Olhei para ele. Ele me olhou meio envergonhado, quis desviar o olhar. Tive a impressão que ele não se sentia digno de olhar para as outras pessoas, naquele momento, para mim. Antes que o olhar dele escapasse ao meu, sorri e falei "bom dia". Ele deu um tímido sorriso e respondeu: "Bom dia em nome de Jesus"! Fiquei arrepiada.rss
Senti uma felicidade e uma paz muito grande. E no meu íntimo respondi: Assim seja!
Continuei minha caminhada, me sentindo mais leve, não sei por que, mas foi assim.
Estou aqui pensando, é engraçado como pequenas coisas, pequenos gestos, algumas palavras podem significar tanto, podem fazer tão bem. 
Ver um trem passar e ver aquele senhor, que apesar da sua simplicidade, da sua carência e mesmo diante da dificuldade que deve ser a vida dele, dizer palavras tão belas. Tudo isso, ou só isso (como alguns podem pensar), significou muito para mim, me deu mais motivação para começar o dia mais agradecida, mais motivada, mais feliz!

terça-feira, 4 de junho de 2013

Ainda sobre sonhos

... essa noite sonhei que havia perdido meus filhos, os três.
Eles haviam sumido. Eu estava desesperada à procura deles.
De repente o Bruno, a Letícia e o Alexandre (meu sobrinho) que pelo jeito também estava sumido, aparecem.
Quis saber onde eles estavam.

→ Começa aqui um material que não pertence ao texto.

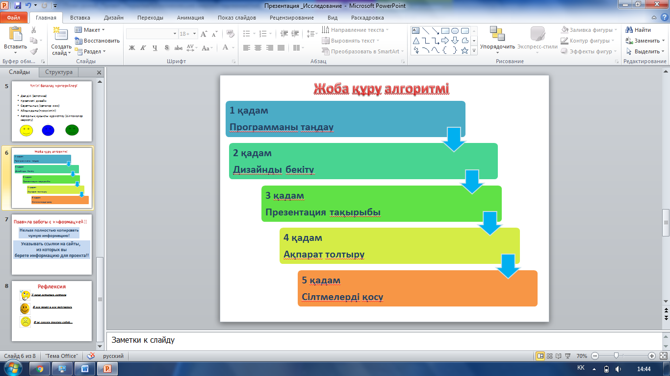 Таңдалған жобаның тақырыбын анықтайды Жобаны іске асыру үшін қажетті ақпаратты таба алады және іріктейді - Жоба құру кезінде ортақ қалтада жұмыс істейді - Аяқталған жобаның бағалау критерийлерін талқылайды және толықтырады |

O Bruno me disse que estavam em um lugar (algo como outro país). Pra mim, eles tinham sido raptados e tinham conseguido escapar. O Bruno falou que não era nada disso.
Disse que podiam ir e vir à hora que quisessem. Então quis saber do Danilo. Porque não estava ali, com eles. Ele falou que ele não quis vir. Decidiu ficar mais um pouco.
Sei que eu fui atrás, queria tirar o Danilo daquele lugar. Um povo estranho. Um lugar estranho.
Consegui ver o Danilo. Ele disse que não poderia voltar, pois essa liberação só ocorria de meses e meses.
Lembro que me desesperei ao perceber que não gostaram de saber que eu havia descoberto aquele lugar. Queria tirar o Danilo de lá de qualquer jeito. Tinha medo de que fizessem o pior com ele. 
No meu desespero me perguntava: Porque a moçada se prontificava a ficar ali sabendo que seus familiares estavam desesperados à procura deles? O que estava acontecendo? O que estavam fazendo com eles?
E em meio ao meu desespero, acordei.
*** 
Estou pensando o que isso pode significar. Será que vi ou ouvi algo, que acarretou nesse sonho, melhor... Pesadelo?
Penso que pode ser reflexo de alguns acontecimentos, algumas dúvidas que me afligem. Talvez um pouco de peso na consciência... Talvez.
Sei lá. Sei que acordei com um sentimento de perda!